=== Data records ===
───

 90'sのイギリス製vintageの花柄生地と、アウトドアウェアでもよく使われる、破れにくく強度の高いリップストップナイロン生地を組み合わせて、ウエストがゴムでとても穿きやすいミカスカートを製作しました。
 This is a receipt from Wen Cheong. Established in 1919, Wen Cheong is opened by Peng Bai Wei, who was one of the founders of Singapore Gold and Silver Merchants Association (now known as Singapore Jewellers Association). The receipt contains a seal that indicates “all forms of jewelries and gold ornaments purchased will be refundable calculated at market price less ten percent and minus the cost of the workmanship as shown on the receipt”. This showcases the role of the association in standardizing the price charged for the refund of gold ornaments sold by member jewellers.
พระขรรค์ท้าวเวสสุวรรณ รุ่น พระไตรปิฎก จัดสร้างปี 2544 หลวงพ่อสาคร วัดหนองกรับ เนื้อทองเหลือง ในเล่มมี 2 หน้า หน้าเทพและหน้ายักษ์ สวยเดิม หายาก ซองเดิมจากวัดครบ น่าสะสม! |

───

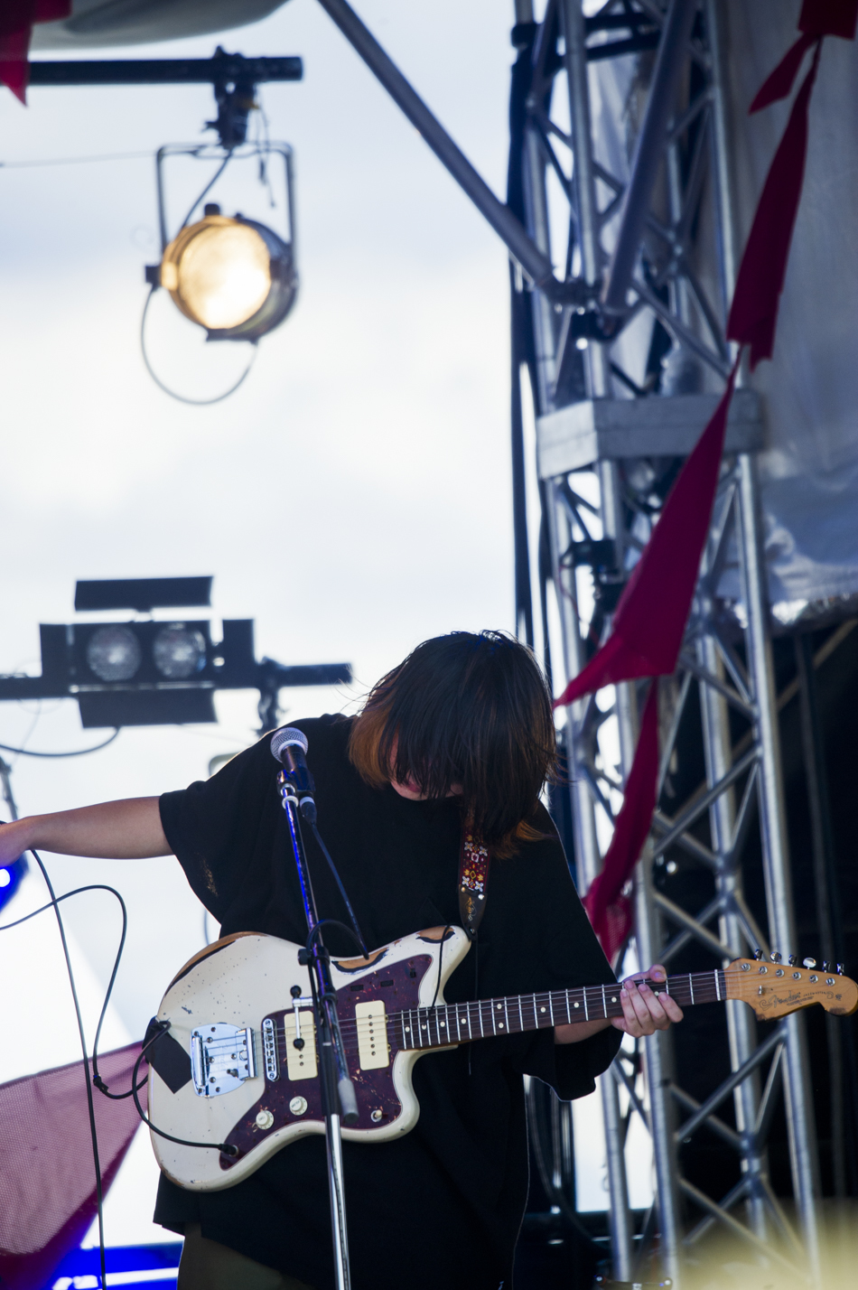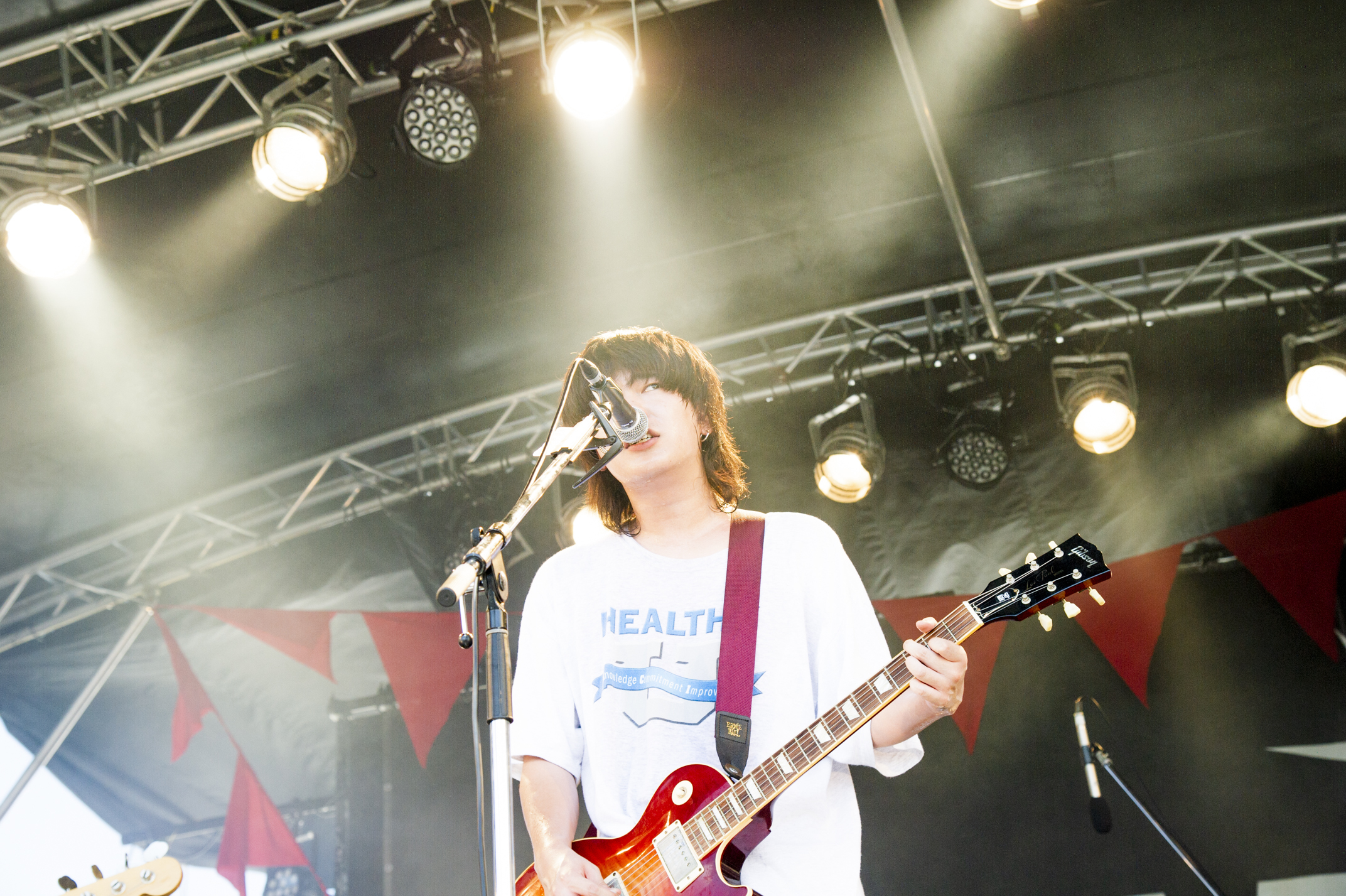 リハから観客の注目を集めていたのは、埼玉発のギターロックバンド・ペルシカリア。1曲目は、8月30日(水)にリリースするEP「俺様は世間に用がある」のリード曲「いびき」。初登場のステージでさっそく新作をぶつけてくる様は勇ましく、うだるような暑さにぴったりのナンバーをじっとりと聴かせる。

───

=== Task directions ===
Set down only the lines above that fall between the line holding "This is a receipt" and the line holding "พระขรรค์ท้าวเวสสุวรรณ รุ่น พระไตรปิฎก", inclusive, keeping each exact.

=== Solution ===
 This is a receipt from Wen Cheong. Established in 1919, Wen Cheong is opened by Peng Bai Wei, who was one of the founders of Singapore Gold and Silver Merchants Association (now known as Singapore Jewellers Association). The receipt contains a seal that indicates “all forms of jewelries and gold ornaments purchased will be refundable calculated at market price less ten percent and minus the cost of the workmanship as shown on the receipt”. This showcases the role of the association in standardizing the price charged for the refund of gold ornaments sold by member jewellers.
พระขรรค์ท้าวเวสสุวรรณ รุ่น พระไตรปิฎก จัดสร้างปี 2544 หลวงพ่อสาคร วัดหนองกรับ เนื้อทองเหลือง ในเล่มมี 2 หน้า หน้าเทพและหน้ายักษ์ สวยเดิม หายาก ซองเดิมจากวัดครบ น่าสะสม! |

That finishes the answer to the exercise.